* About this exercise: Each record that follows is to be transcribed exactly, excluding its images.

----- Material provided -----

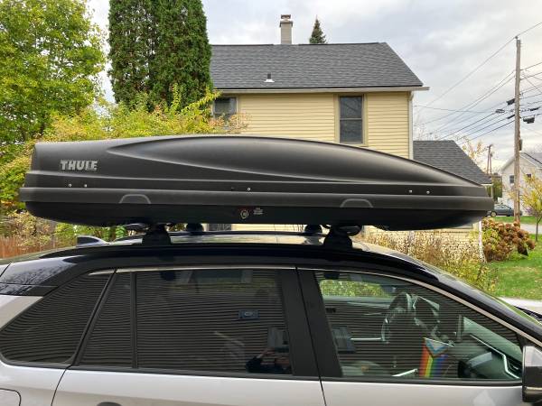 newer model Thule cargo box fits on top of most roof racks. Clamp style attachment, locks on eother side depending on which side of the vehicle you want to mount it on. Clean, functional and rarely used. Height = 14 inches, width = 24 inches, length = 6 feet.
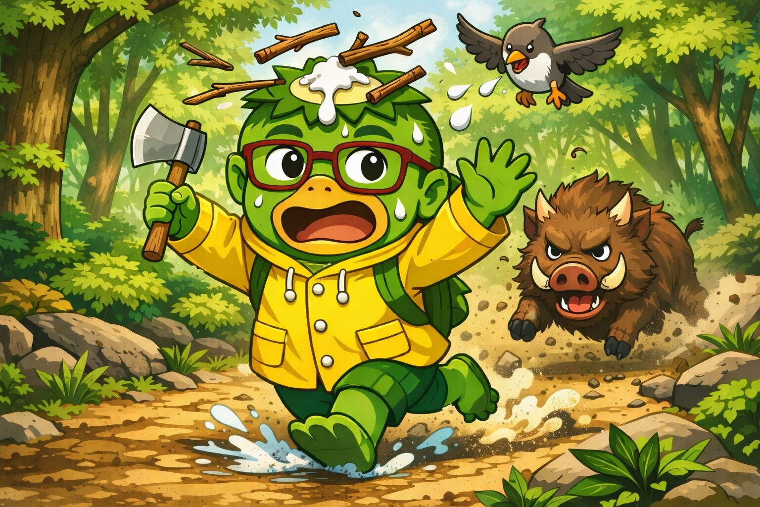 上空から降ってくる「鳥のフン」に当たっただけでマヒし、落ちてきた「木の枝」に当たれば昇天。イノシシにぶつかればもちろん即終了。
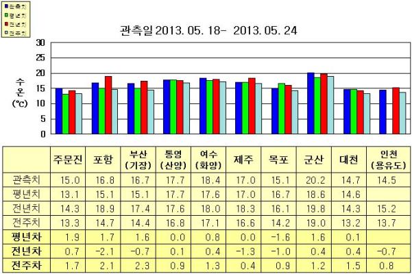 ◦ 금주(2013. 05. 18~2013. 05. 24)의 한반도 연안 표면수온은 동해 연안역에서 섭씨 15~17도, 남해 연안역 17.0~18.5도, 서해 연안역에서 14.5~20.5도로 나타납니다. ◦ 평년에 비해 동해 연안역은 1.5~2.0도 높게, 여수(화양) 0.8도 높음을 제외한 남해 연안역은 비슷하게, 서해 연안역은 목포 1.6도 낮게, 군산 1.6도 높게, 대천 비슷하게 나타납니다. ◦ 전년에 비해 주문진 0.7도 높음을 제외한 동해 연안역은 0.5~2.5도 낮게, 제주 1.3도 낮음을 제외한 남해 연안역은 비슷하게, 군산, 대천 0.4도 높음을 제외한 서해 연안역은 0.5~1.0도 낮게 나타납니다. |
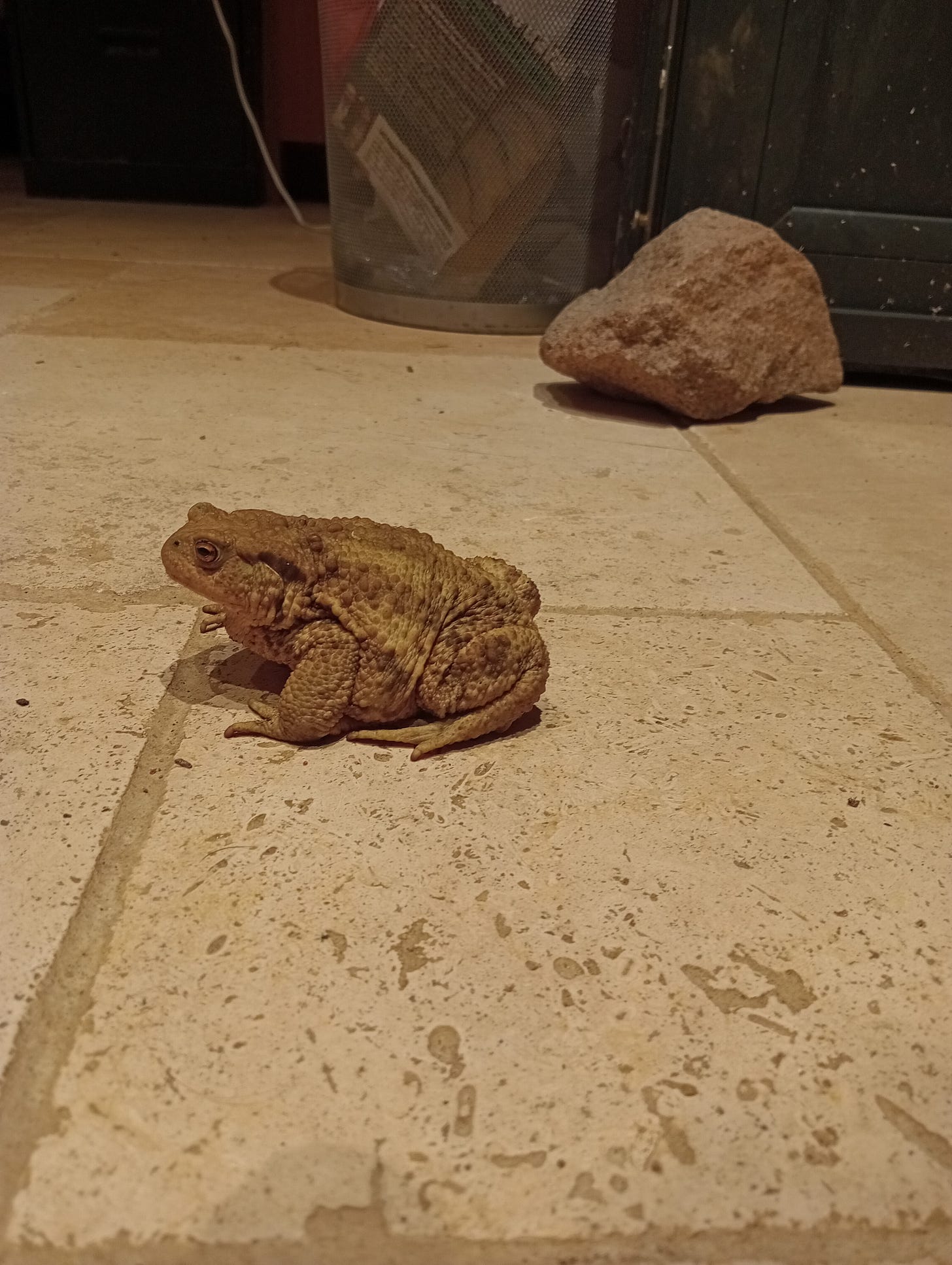 There was about a month where toads were active around the house, including the one who walked in. I need to drain the stand pipe that goes into the big guy's home. I'll be sure to check on him. The frogs disappeared about five years ago.
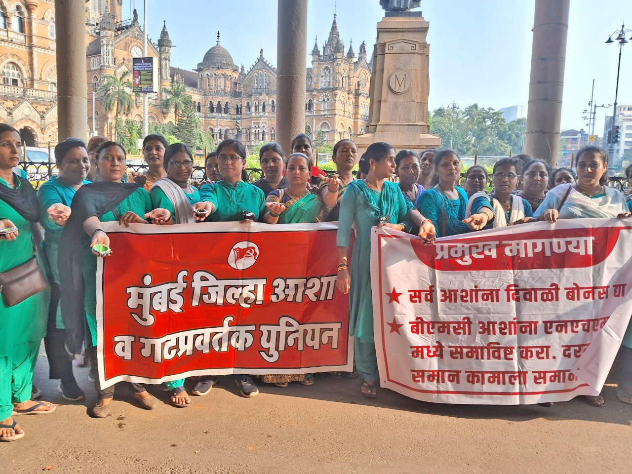 बोनस न मिळाल्याने व वाढत्या महागाईमुळे यंदा आशांची दिवाळी अंधारात जाणार आहे. या वेळी बीएमसीच्या असंवेदनशीलतेचा निषेध व्यक्त करण्यात आला. करोना महामारीत जीवाची बाजी लावून काम करणाऱ्या आशा वर्कर्स बद्दल बीएमसीच्या या भेदभावपूर्ण वागणुकीच्या विरोधात घोषणा देण्यात आल्या. हे आंदोलन आरमायटी इराणी, संगीता कांबळे, आरती कांबळे, मृणाल जंगम, अदिती तटकरे, सारिका इंगळे इत्यादी पदाधिकाऱ्यांच्या नेतृत्वाखाली करण्यात आले.
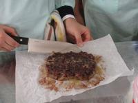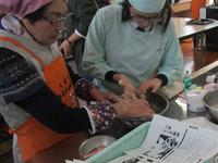ミキサーにかけたタイズと水を鍋で温め、袋に移します。みんな真剣です。

-----

* Result of the task:
 newer model Thule cargo box fits on top of most roof racks. Clamp style attachment, locks on eother side depending on which side of the vehicle you want to mount it on. Clean, functional and rarely used. Height = 14 inches, width = 24 inches, length = 6 feet.
 上空から降ってくる「鳥のフン」に当たっただけでマヒし、落ちてきた「木の枝」に当たれば昇天。イノシシにぶつかればもちろん即終了。
 ◦ 금주(2013. 05. 18~2013. 05. 24)의 한반도 연안 표면수온은 동해 연안역에서 섭씨 15~17도, 남해 연안역 17.0~18.5도, 서해 연안역에서 14.5~20.5도로 나타납니다. ◦ 평년에 비해 동해 연안역은 1.5~2.0도 높게, 여수(화양) 0.8도 높음을 제외한 남해 연안역은 비슷하게, 서해 연안역은 목포 1.6도 낮게, 군산 1.6도 높게, 대천 비슷하게 나타납니다. ◦ 전년에 비해 주문진 0.7도 높음을 제외한 동해 연안역은 0.5~2.5도 낮게, 제주 1.3도 낮음을 제외한 남해 연안역은 비슷하게, 군산, 대천 0.4도 높음을 제외한 서해 연안역은 0.5~1.0도 낮게 나타납니다. |
 There was about a month where toads were active around the house, including the one who walked in. I need to drain the stand pipe that goes into the big guy's home. I'll be sure to check on him. The frogs disappeared about five years ago.
 बोनस न मिळाल्याने व वाढत्या महागाईमुळे यंदा आशांची दिवाळी अंधारात जाणार आहे. या वेळी बीएमसीच्या असंवेदनशीलतेचा निषेध व्यक्त करण्यात आला. करोना महामारीत जीवाची बाजी लावून काम करणाऱ्या आशा वर्कर्स बद्दल बीएमसीच्या या भेदभावपूर्ण वागणुकीच्या विरोधात घोषणा देण्यात आल्या. हे आंदोलन आरमायटी इराणी, संगीता कांबळे, आरती कांबळे, मृणाल जंगम, अदिती तटकरे, सारिका इंगळे इत्यादी पदाधिकाऱ्यांच्या नेतृत्वाखाली करण्यात आले.
ミキサーにかけたタイズと水を鍋で温め、袋に移します。みんな真剣です。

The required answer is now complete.